Table 3. Evaluation of ITN with/without confidence probability for standard plane detection. Results presented as (Mean ± Standard Deviation).

Results: Table 2 compares the plane detection results when different transformation representations are used by ITN. In general, there is little difference in the translation error. This is because all translation representations are the same, which use the three Cartesian axes except for anchor points which have slightly greater translation error. The rotation errors on TC plane suggest that quaternions are a good representation. Rotation matrices and anchor points over-parameterise rotation and can make network learning more difficult with greater degree of freedom. Since these parameters are not constrained, it is also harder to convert them back into valid rotations during inference. Quaternions have fewer parameters and slightly-off quaternion can still be easily normalised to give valid rotation. Compared to Euler angles, quaternions avoid the problem of gimbal lock. For TV plane, there is little difference in rotation error. This is because sonographers use the TV plane as a visual reference when acquiring 3D volumes. This causes the TV plane to lie roughly in the central plane of the volume with lower rotation variances, thus making the choice of rotation representation less important. Table 3 compares the performance of ITN with/without classification probability outputs. Given a baseline model (M1) that only has regression outputs \(\varvec{t}\), \(\varvec{q}\), the addition of classification probabilities \(\varvec{P}\), \(\varvec{Q}\) improves the translation and rotation accuracy respectively (M2-M4). The classification probabilities act as confidence weights for the regression outputs to improve plane detection accuracy. Furthermore, the classification and regression outputs are trained in a multi-task learning fashion, which allows feature sharing and enables more generic features to be learned, thus preventing model overfitting. M1-M4 use one plane image as CNN input. We further improve our results by using three orthogonal plane images instead as this provides more information about the 3D volume (M4+). M4 and M4+ take 0.46 s and 1.35 s to predict one plane per volume. The supplementary material provides videos showing the update of a randomly initialised plane and its extracted image through 10 inference iterations.
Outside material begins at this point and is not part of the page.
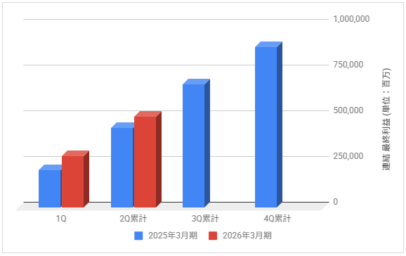下記は2026年3月期の各決算期における連結最終利益の推移と前期との比較です。

Figure 2 shows a visual comparison between the GT planes and the planes predicted by M4. To evaluate the clinical relevance of the predicted planes, a clinical expert manually measures the head circumference (HC) on both the predicted and GT planes and computes the standard deviation of the measurement error to be 1.05 mm (TV) and 1.25 mm (TC). This is similar to the intraobserver variability of 2.65 mm reported for HC measurements on TC plane [8]. Thus, accurate biometrics can be extracted from our predicted planes.

Fig. 2.
figure 2

Visualisation of GT planes and planes predicted by M4.

4 Conclusion

We presented ITN, a new approach for standard plane detection in 3D fetal US by using a CNN to regress rigid transformation iteratively. We compare the use of different transformation representations and show quaternions to be a good representation for iterative pose estimation. Additional classification probabilities are learned via multi-task learning which act as confidence weights for the regressed transformation parameters to improve plane detection accuracy. As future work, we are evaluating ITN on other plane detection tasks (eg. view plane selection in cardiac MRI). It is also worthwhile to explore new transformation representations and extend ITN to simultaneous detection of multiple planes.